A: It is not (entirely) correct/accurate to use the p-values based on the z-/t-values in the glm.summary function as a hypothesis test. 


*

*It is confusing language. The reported values are named z-values. But in this case they use the estimated standard error in place of the true deviation. Therefore in reality they are closer to t-values.  Compare the following three outputs: 
1) summary.glm  2) t-test  3) z-test
> set.seed(1)
> x = rbinom(100, 1, .7)

> coef1 <- summary(glm(x ~ 1, offset=rep(qlogis(0.7),length(x)), family = "binomial"))$coefficients
> coef2 <- summary(glm(x ~ 1, family = "binomial"))$coefficients

> coef1[4]  # output from summary.glm
[1] 0.6626359
> 2*pt(-abs((qlogis(0.7)-coef2[1])/coef2[2]),99,ncp=0) # manual t-test
[1] 0.6635858
> 2*pnorm(-abs((qlogis(0.7)-coef2[1])/coef2[2]),0,1) # manual z-test
[1] 0.6626359


*They are not exact p-values. An exact computation of the p-value using the binomial distribution would work better (with the computing power nowadays, this is not a problem). The t-distribution, assuming a Gaussian distribution of the error, is not exact (it overestimates p, exceeding the alpha level occurs less often in "reality"). See the following comparison:
# trying all 100 possible outcomes if the true value is p=0.7
px <- dbinom(0:100,100,0.7)
p_model = rep(0,101)
for (i in 0:100) {
  xi = c(rep(1,i),rep(0,100-i))
  model = glm(xi ~ 1, offset=rep(qlogis(0.7),100), family="binomial")
  p_model[i+1] = 1-summary(model)$coefficients[4]
}


# plotting cumulative distribution of outcomes
outcomes <- p_model[order(p_model)]
cdf <- cumsum(px[order(p_model)])
plot(1-outcomes,1-cdf, 
     ylab="cumulative probability", 
     xlab= "calculated glm p-value",
     xlim=c(10^-4,1),ylim=c(10^-4,1),col=2,cex=0.5,log="xy")
lines(c(0.00001,1),c(0.00001,1))
for (i in 1:100) {
  lines(1-c(outcomes[i],outcomes[i+1]),1-c(cdf[i+1],cdf[i+1]),col=2)
#  lines(1-c(outcomes[i],outcomes[i]),1-c(cdf[i],cdf[i+1]),col=2)
}

title("probability for rejection as function of set alpha level")

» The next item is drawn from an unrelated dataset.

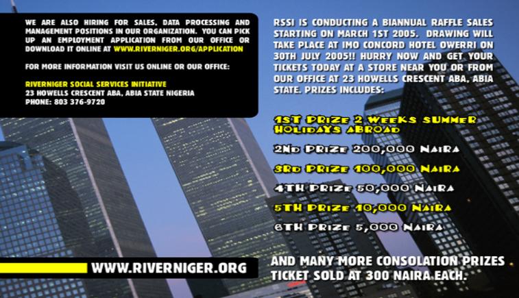 RSSI Fund Drive Mission statement: "To improve the social, economic condition of our youths including expanding their knowledge in the areas of Information technology. RSSI is a locally owned and operated organization with roots in Aba and Owerri. Main part of our mission will focus in serving our communities. We recognized our IT program as means to provide service to our community, and in addition to serving our community, RSSI will create awareness on the advantages self reliance in the society.

The black curve represents equality. The red curve is below it. That means that for a given calculated p-value by the glm summary function, we find this situation (or larger difference) less often in reality than the p-value indicates.
A: You can use an offset: glm with family="binomial" estimates parameters on the log-odds or logit scale, so $\beta_0=0$ corresponds to log-odds of 0 or a probability of 0.5. If you want to compare against a probability of $p$, you want the baseline value to be $q = \textrm{logit}(p)=\log(p/(1-p))$. The statistical model is now
\begin{split}
Y & \sim \textrm{Binom}(\mu) \\
\mu & =1/(1+\exp(-\eta)) \\
\eta & = \beta_0 + q 
\end{split}
where only the last line has changed from the standard setup. In R code:


*

*use offset(q) in the formula

*the logit/log-odds function is qlogis(p)

*slightly annoyingly, you have to provide an offset value for each element in the response variable - R won't automatically replicate a constant value for you. This is done below by setting up a data frame, but you could just use rep(q,100).




x = rbinom(100, 1, .7)
dd <- data.frame(x, q = qlogis(0.7)) 
summary(glm(x ~ 1 + offset(q), data=dd, family = "binomial"))